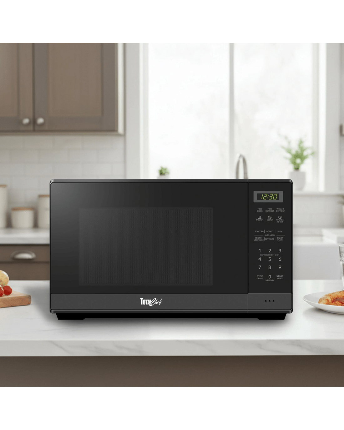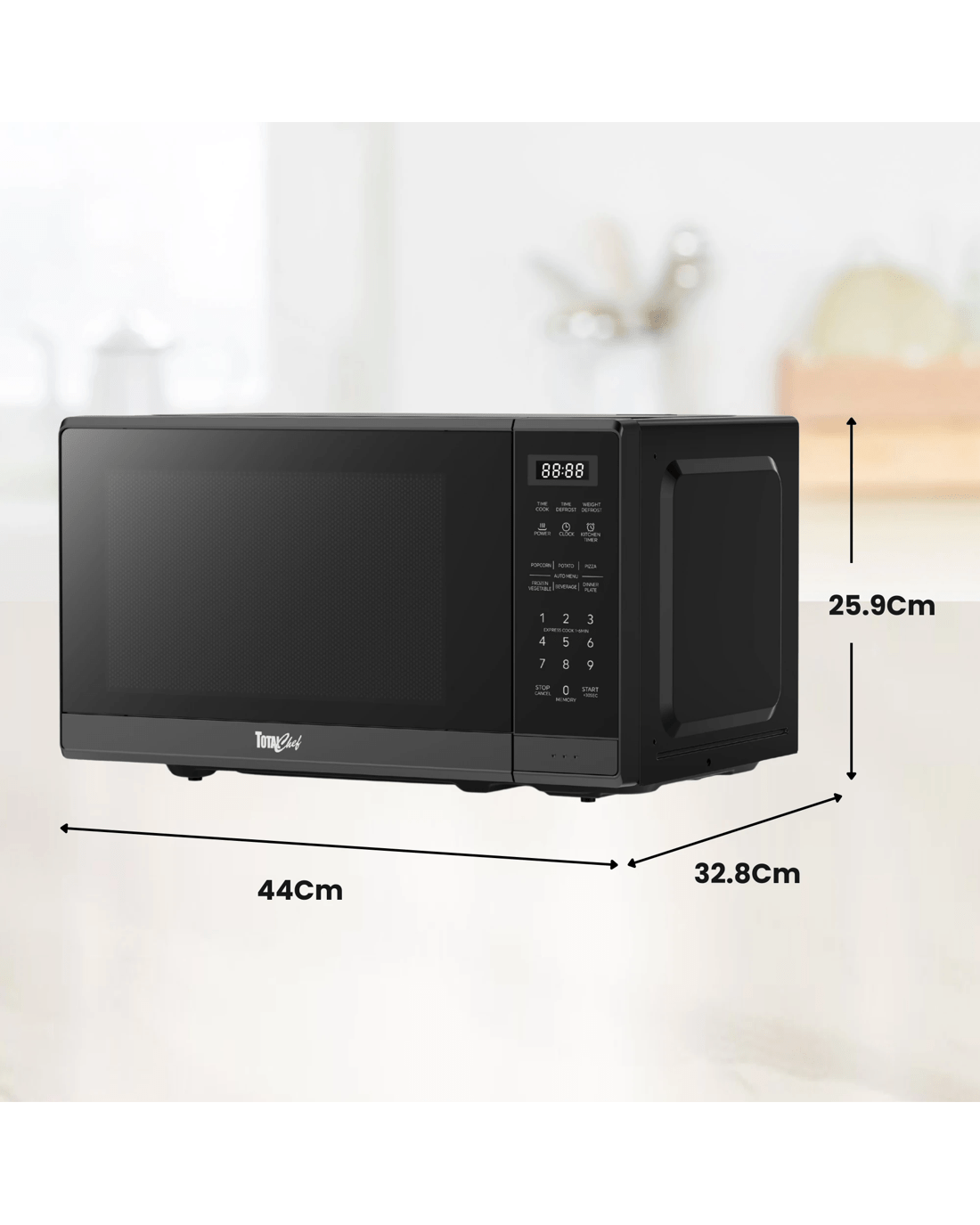Total Chef Microwave is Designed for Everyday Convenience: This compact 20L microwave combines performance and practicality in a sleek, space-saving design ideal for small kitchens, dorms, or offices. With 700 watts of output power and 11 power levels, it offers precise control for reheating, cooking, and defrosting. Six auto cook menus provide quick access to popular presets, while the Speedy Cooking function lets you heat food fast with a single touch. Weight and time defrost settings ensure consistent results, and multi-stage cooking allows seamless transitions between power levels for more complex meals. The built-in kitchen timer and clock help you stay on schedule, while the memory cook function saves your favorite settings. A removable 255 mm glass turntable ensures even heating and easy cleaning and safety features like the child lock make it a reliable choice for families
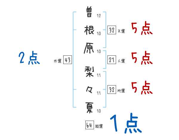 曽根原梨々夏さんの画数の鑑定結果
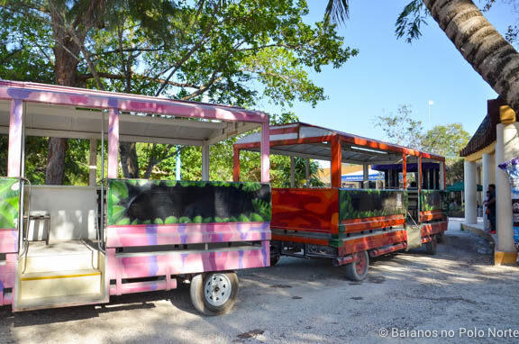A entrada para as ruínas de Tulum fica a uns 800 metros da praça principal onde estão as lojas. Algumas pessoas fazem o caminho a pé, outras vão numa espécie de trenzinho ($20 pesos por pessoa, ida e volta). Com crianças é muito mais divertido (e menos estressante) a segunda opção.
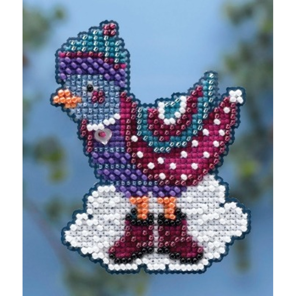 MH184303 Mill Hill Набір для вишивки рахунковим хрестиком + бісером - Магніт Зимова птаха Winter Bird 6x6 см, перфорований папір
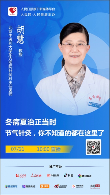7月21日10:00,人民好醫生邀請到北京中醫藥大學東方醫院針灸科主任醫師胡慧教授做客人民日報社旗下新媒體“人民好醫生”客戶端,與大家在線分享暑伏“節氣針灸”及“穴位貼敷”等多種療法的應用和選擇。
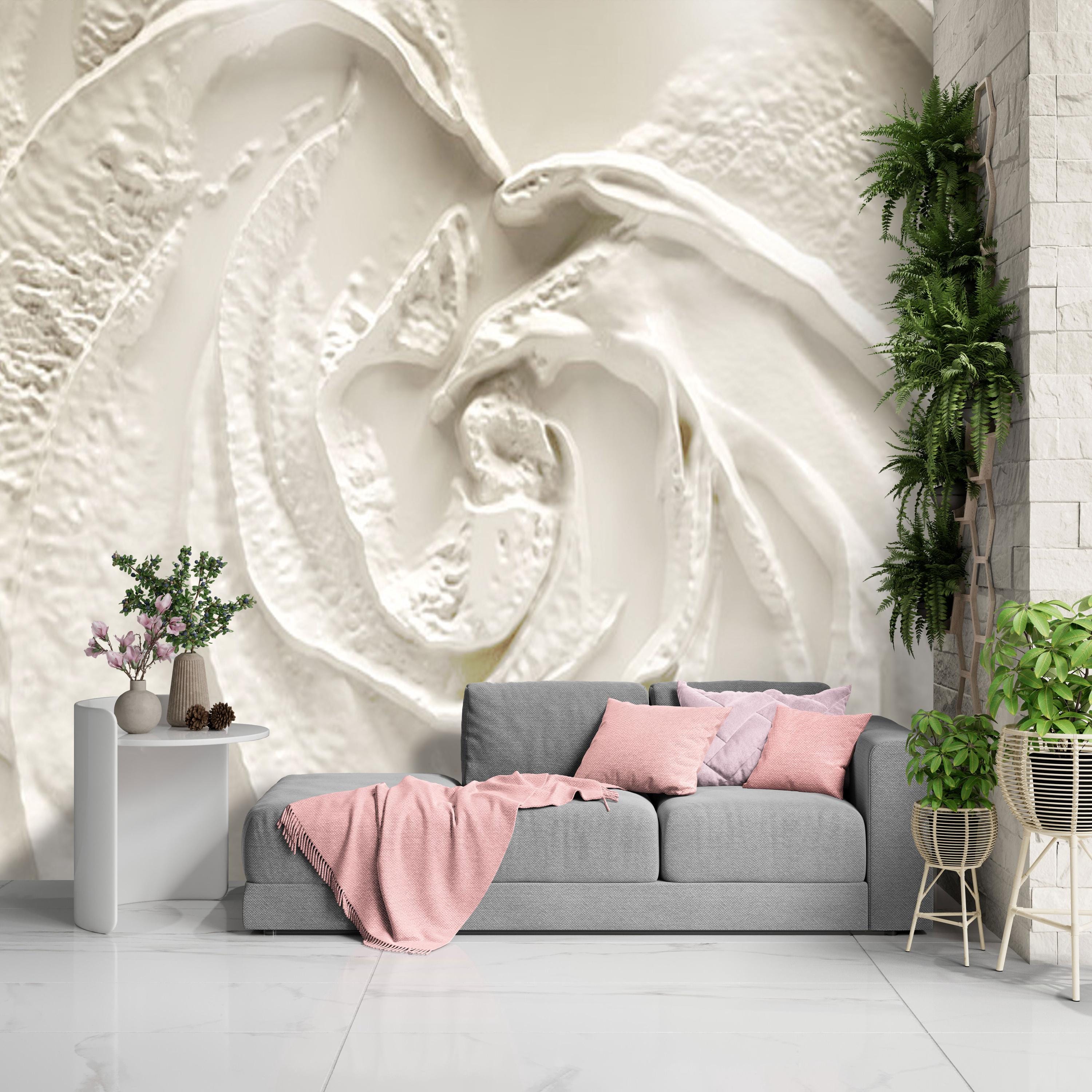 3D White Rose Marble Wall Mural – Sculpted Floral Texture Wallpaper for Modern Interiors, Bedroom Accent Wall, or Luxe Home Decor
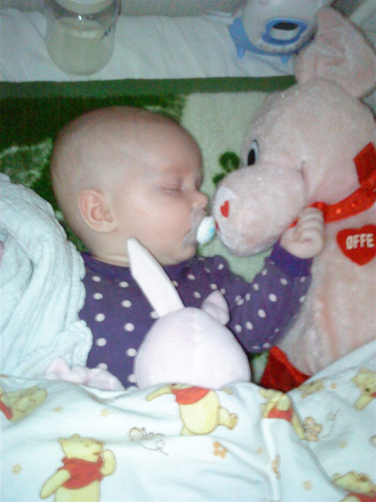 Mileva skriver: Hehe, det er blevet hendes 'sutte-klud' :p Hun vil bare ikke sove uden den - så mor her måtte jo overgi sig og lade hende ha' den :p
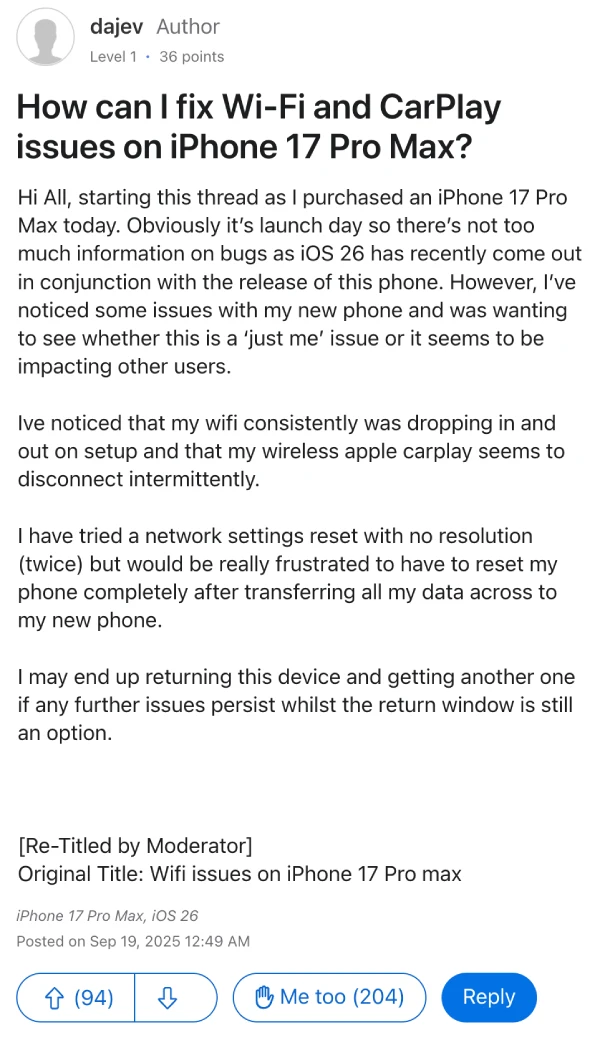 It starts with posts like dajev describing Wi‑Fi cutting in and out during setup and CarPlay disconnecting intermittently on day one, which set the tone for a thread full of similar experiences from early adopters who expected smooth sailing but got constant nagging prompts and inconsistent links instead. Several replies point out that the older phone on the same network behaved fine, which complicates the “it’s just the router” explanation and puts the spotlight back on iPhone 17 hardware or iOS 26 changes.

◆ Problem description:
No pictures go in the copy. Set down all the data exactly.

◆ Response to the task:
Total Chef Microwave is Designed for Everyday Convenience: This compact 20L microwave combines performance and practicality in a sleek, space-saving design ideal for small kitchens, dorms, or offices. With 700 watts of output power and 11 power levels, it offers precise control for reheating, cooking, and defrosting. Six auto cook menus provide quick access to popular presets, while the Speedy Cooking function lets you heat food fast with a single touch. Weight and time defrost settings ensure consistent results, and multi-stage cooking allows seamless transitions between power levels for more complex meals. The built-in kitchen timer and clock help you stay on schedule, while the memory cook function saves your favorite settings. A removable 255 mm glass turntable ensures even heating and easy cleaning and safety features like the child lock make it a reliable choice for families
 曽根原梨々夏さんの画数の鑑定結果
A entrada para as ruínas de Tulum fica a uns 800 metros da praça principal onde estão as lojas. Algumas pessoas fazem o caminho a pé, outras vão numa espécie de trenzinho ($20 pesos por pessoa, ida e volta). Com crianças é muito mais divertido (e menos estressante) a segunda opção.
 MH184303 Mill Hill Набір для вишивки рахунковим хрестиком + бісером - Магніт Зимова птаха Winter Bird 6x6 см, перфорований папір
7月21日10:00,人民好醫生邀請到北京中醫藥大學東方醫院針灸科主任醫師胡慧教授做客人民日報社旗下新媒體“人民好醫生”客戶端,與大家在線分享暑伏“節氣針灸”及“穴位貼敷”等多種療法的應用和選擇。
 3D White Rose Marble Wall Mural – Sculpted Floral Texture Wallpaper for Modern Interiors, Bedroom Accent Wall, or Luxe Home Decor
 Mileva skriver: Hehe, det er blevet hendes 'sutte-klud' :p Hun vil bare ikke sove uden den - så mor her måtte jo overgi sig og lade hende ha' den :p
 It starts with posts like dajev describing Wi‑Fi cutting in and out during setup and CarPlay disconnecting intermittently on day one, which set the tone for a thread full of similar experiences from early adopters who expected smooth sailing but got constant nagging prompts and inconsistent links instead. Several replies point out that the older phone on the same network behaved fine, which complicates the “it’s just the router” explanation and puts the spotlight back on iPhone 17 hardware or iOS 26 changes.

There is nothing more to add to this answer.